SPARQL で RDF データを検索する

SPARQL と Jena Toolkit によって、セマンティック Web を開く

RSS のような RDF フォーマットで保存されるデータが増えてきたために、特定な情報を見つけるための簡単な方法が必要になってきました。強力な、新しいクエリー言語である SPARQL は、その要求に応えるものであり、これを利用することによって、RDF の山の中から必要なデータを容易に見つけることができます。SPARQL の機能を訪ねるツアーに出かけましょう。Jena Semantic Web Toolkit を使って、皆さん自身の Java アプリケーションから SPARQL クエリー行う方法を学びます。

Philip McCarthy, Developer, SmartStream Technologies Ltd

Philip McCarthy は J2EE そしてフロントエンドの技術を専門とする Web Developer (Web 開発者) です。Orange での Consumer Internet Applications での実績を含む 4 年間の Java プログラミングの経験を誇ります。現在、彼は SmartStream Technologies にて金融関連の Web アプリケーションを開発中です。



2005年 10月 01日

RDF (Resource Description Framework) を利用すると、データの中央集中を避け、分散化することが可能となります。RDF モデル同士は容易に合体することができ、シリアル化した RDF は単純に、HTTP で交換することができます。アプリケーションは、Web 上にある複数の RDF データ・ソースに疎結合されます。例えば PlanetRDF.com では、コンテンツを RSS 1.0 フィードとして RDF で提供する作成者からの weblog を配信しています。作成者のフィードの URL 自体は、bloggers.rdf と呼ばれる RDF グラフに保持されています。

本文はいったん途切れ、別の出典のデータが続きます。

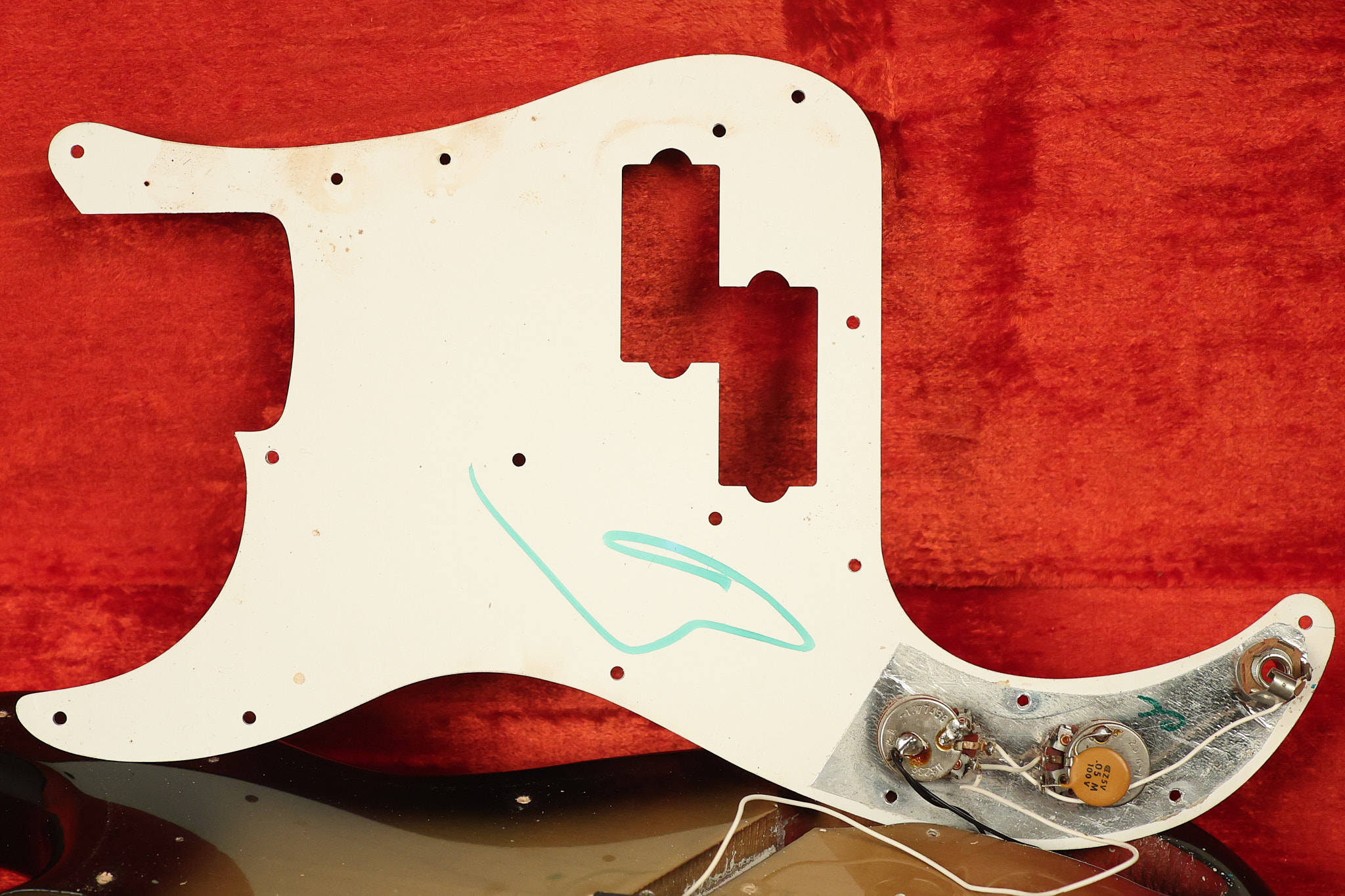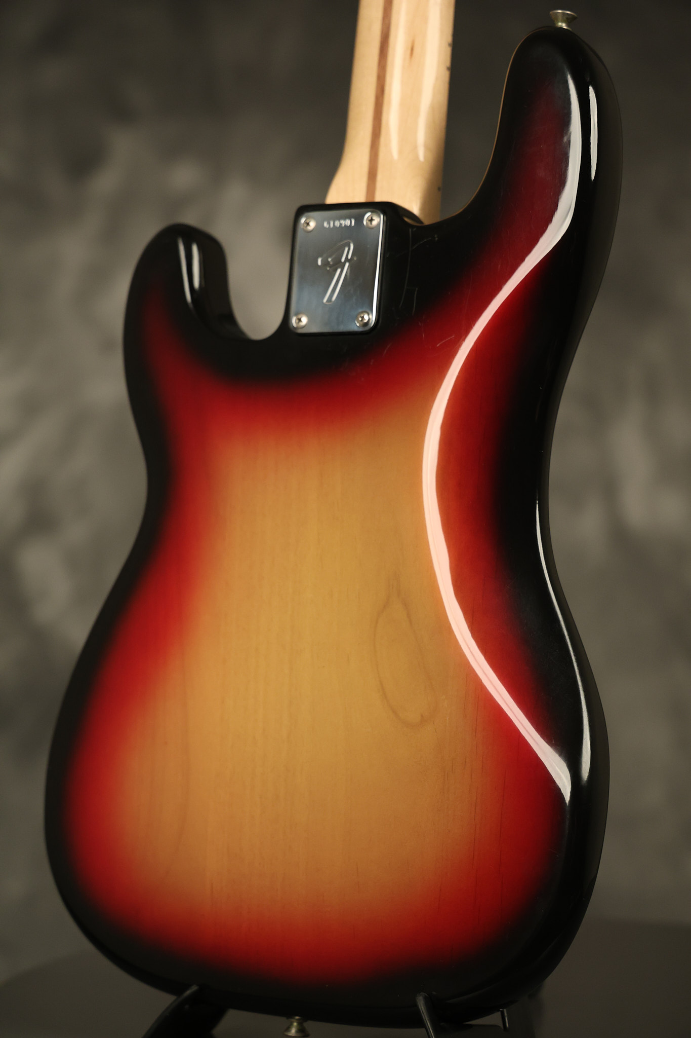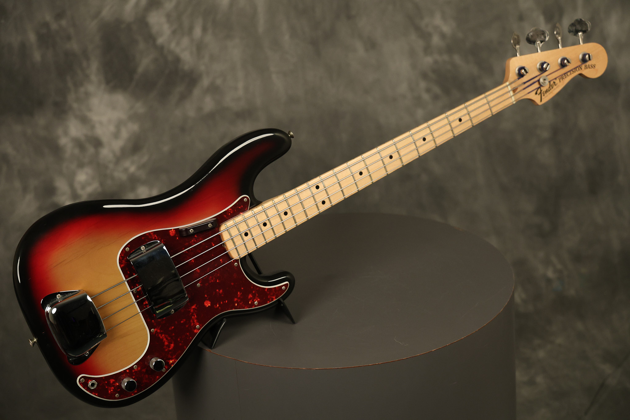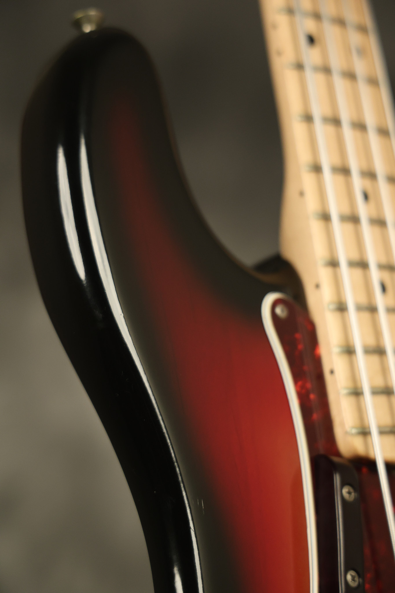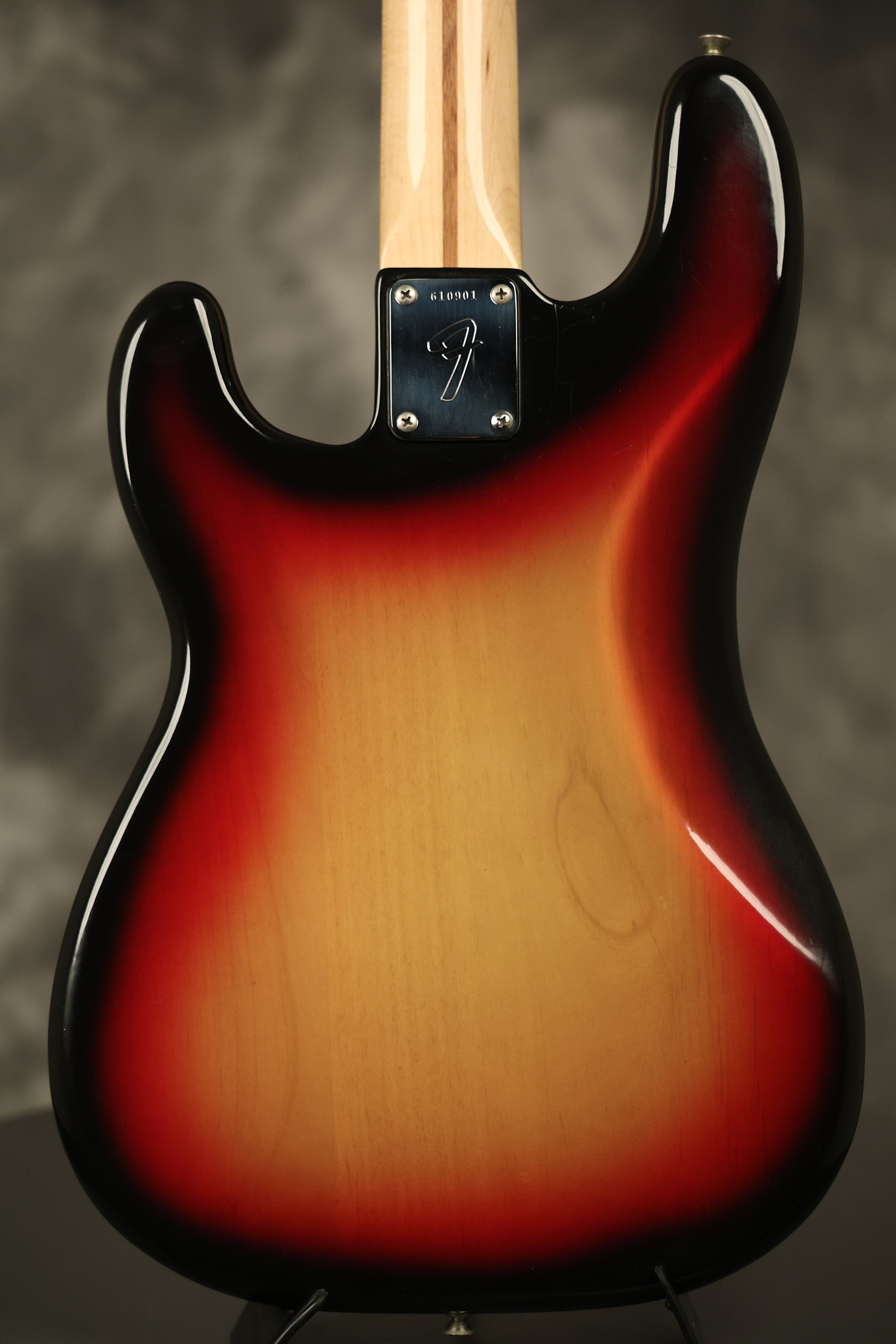 1974 Fender Precision Bass in its original Sunburst finish. It has a great playing neck with great frets. A shim has been placed at the top end of the neck pocket to allow more adjustment range for the bridge saddles. It's all original and 100% complete including both chrome covers, original owner's manual and the original hardshell case. It's in EXCELLENT condition with only some very minor nicks + dings and other very minor cosmetic wear including one tiny pickguard crack near the input jack. The guitar itself remains structurally sound with no cracks, breaks or repairs. All electronics work and sound great as it provides an authentic '70's P-Bass tone. The weight is 8 lbs. 6.2 oz without the chrome covers.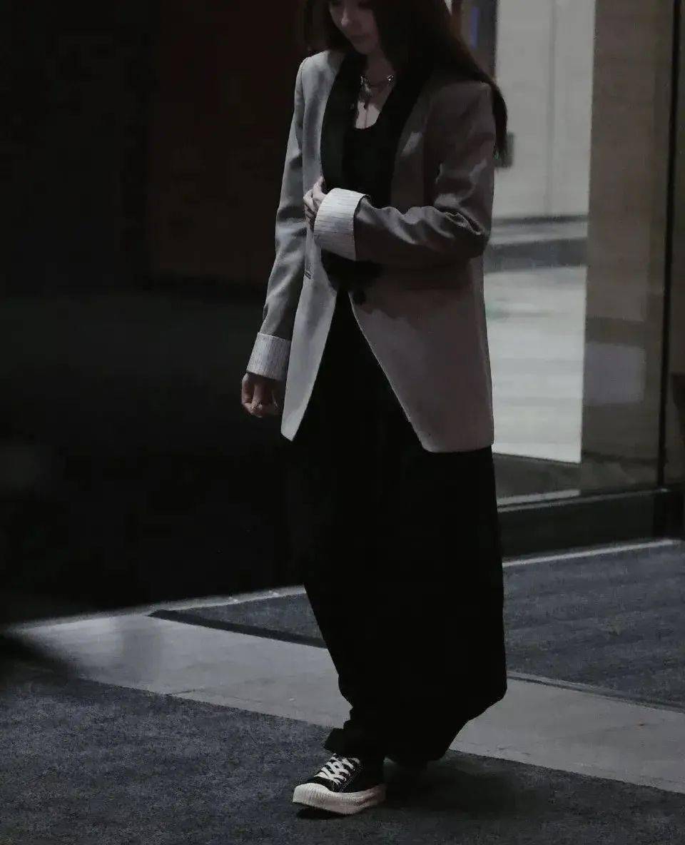 从路透的照片可以看到郭碧婷的状态非常好,只见她身穿灰色宽松外套,搭配黑色长裙,长发飘飘,走起路来轻快且随性。

しかし、必要なデータを RDF グラフ内で見つけ、操作するには、どうすればよいのでしょう。SPARQL (SPARQL Protocol And RDF Query Language) が、現在、W3C のワーキング・ドラフトとして議論されています。SPARQL は、これまでの RDF クエリー言語 (rdfDB や RDQL、SeRQL など) の上に構築されており、SPARQL 自体が、幾つか貴重な新機能を含んでいます。この記事では、PlanetRDF を駆動する 3 つのタイプの RDF グラフ、 (貢献者 (contributors) を記述する FOAF、その RSS 1.0 フィード、そして bloggers graph) を使って、データに対して SPARQL クエリーが行うことの幾つかを紹介します。SPARQL の実装は、様々なプラットフォームや言語用のものが存在しています。この記事では、Java プラットフォーム用の Jena Semantic Web Toolkit に焦点を当てることにします。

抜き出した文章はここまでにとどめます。